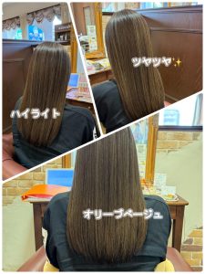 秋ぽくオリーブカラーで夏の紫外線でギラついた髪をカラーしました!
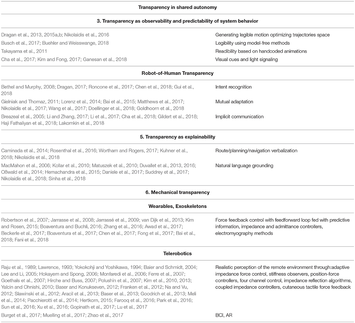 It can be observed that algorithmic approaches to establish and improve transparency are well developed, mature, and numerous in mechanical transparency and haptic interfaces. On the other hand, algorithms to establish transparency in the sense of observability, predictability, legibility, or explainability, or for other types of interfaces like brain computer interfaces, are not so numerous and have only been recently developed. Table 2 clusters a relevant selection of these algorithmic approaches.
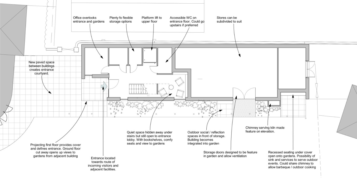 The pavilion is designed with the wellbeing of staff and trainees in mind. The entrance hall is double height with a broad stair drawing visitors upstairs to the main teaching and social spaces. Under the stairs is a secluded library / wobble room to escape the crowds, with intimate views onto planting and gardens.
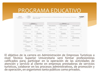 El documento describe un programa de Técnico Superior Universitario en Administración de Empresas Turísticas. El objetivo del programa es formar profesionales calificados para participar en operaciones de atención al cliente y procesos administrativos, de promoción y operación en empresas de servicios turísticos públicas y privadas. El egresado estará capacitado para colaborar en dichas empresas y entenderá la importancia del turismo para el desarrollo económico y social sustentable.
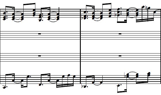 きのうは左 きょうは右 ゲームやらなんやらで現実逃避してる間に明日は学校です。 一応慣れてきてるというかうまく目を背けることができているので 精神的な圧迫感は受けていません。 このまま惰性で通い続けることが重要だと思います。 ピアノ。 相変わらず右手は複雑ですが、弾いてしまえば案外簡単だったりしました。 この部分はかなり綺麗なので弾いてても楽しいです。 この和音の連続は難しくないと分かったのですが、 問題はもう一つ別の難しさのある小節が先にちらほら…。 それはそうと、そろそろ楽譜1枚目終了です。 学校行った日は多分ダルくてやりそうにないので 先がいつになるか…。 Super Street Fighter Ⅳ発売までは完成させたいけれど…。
=-=-=-=-=
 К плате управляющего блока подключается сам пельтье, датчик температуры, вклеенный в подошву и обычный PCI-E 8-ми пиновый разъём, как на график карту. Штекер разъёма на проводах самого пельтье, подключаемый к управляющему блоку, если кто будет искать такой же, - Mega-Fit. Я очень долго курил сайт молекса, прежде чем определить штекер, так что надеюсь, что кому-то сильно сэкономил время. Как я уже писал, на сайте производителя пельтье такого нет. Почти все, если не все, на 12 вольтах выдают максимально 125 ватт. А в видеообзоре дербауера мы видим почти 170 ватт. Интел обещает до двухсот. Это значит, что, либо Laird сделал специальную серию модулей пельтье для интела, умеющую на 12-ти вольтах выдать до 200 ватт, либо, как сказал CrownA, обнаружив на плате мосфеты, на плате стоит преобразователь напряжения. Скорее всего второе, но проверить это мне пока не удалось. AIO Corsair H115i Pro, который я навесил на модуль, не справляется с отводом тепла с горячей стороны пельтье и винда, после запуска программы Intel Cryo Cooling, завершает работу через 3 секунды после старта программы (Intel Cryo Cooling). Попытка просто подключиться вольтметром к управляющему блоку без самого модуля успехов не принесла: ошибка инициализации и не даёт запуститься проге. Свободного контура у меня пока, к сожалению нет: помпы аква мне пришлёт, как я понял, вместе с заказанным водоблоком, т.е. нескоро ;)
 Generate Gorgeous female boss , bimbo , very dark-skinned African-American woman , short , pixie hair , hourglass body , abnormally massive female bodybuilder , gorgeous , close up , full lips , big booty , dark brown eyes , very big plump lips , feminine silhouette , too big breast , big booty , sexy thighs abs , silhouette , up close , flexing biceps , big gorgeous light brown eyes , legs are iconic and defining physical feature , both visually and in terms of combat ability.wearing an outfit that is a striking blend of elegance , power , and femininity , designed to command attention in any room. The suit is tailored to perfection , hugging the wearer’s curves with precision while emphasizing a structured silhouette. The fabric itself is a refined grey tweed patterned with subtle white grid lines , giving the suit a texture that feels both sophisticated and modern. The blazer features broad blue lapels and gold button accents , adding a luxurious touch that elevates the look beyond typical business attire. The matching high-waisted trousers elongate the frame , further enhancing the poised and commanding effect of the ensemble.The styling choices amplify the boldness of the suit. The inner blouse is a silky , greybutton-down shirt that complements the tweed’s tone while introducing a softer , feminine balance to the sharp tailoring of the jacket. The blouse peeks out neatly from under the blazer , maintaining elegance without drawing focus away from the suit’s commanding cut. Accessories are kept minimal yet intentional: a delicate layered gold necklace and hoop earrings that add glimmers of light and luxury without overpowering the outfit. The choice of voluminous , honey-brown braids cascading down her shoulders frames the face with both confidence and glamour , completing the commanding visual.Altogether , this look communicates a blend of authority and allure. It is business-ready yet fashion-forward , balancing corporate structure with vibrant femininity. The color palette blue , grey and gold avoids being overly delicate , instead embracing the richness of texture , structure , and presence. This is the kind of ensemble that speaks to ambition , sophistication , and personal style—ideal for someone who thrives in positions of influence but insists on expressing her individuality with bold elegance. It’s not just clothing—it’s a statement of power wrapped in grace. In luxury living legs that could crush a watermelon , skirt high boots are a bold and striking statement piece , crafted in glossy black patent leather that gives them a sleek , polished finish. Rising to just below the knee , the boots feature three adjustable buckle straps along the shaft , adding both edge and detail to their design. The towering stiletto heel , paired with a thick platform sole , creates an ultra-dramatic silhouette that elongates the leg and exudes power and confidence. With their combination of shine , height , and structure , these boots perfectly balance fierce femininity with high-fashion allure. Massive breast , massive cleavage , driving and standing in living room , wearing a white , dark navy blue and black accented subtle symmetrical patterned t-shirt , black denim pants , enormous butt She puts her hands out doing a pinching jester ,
=-=-=-=-=
◆ What the exercise asks ◆
Here the job is to copy the stretch of records from the line containing "秋ぽくオリーブカラーで夏の紫外線でギラついた髪をカラーしました!" through the line containing "The pavilion is", word for word. Leave every picture out.

◆ Solution to this task ◆
 秋ぽくオリーブカラーで夏の紫外線でギラついた髪をカラーしました!
 It can be observed that algorithmic approaches to establish and improve transparency are well developed, mature, and numerous in mechanical transparency and haptic interfaces. On the other hand, algorithms to establish transparency in the sense of observability, predictability, legibility, or explainability, or for other types of interfaces like brain computer interfaces, are not so numerous and have only been recently developed. Table 2 clusters a relevant selection of these algorithmic approaches.
 The pavilion is designed with the wellbeing of staff and trainees in mind. The entrance hall is double height with a broad stair drawing visitors upstairs to the main teaching and social spaces. Under the stairs is a secluded library / wobble room to escape the crowds, with intimate views onto planting and gardens.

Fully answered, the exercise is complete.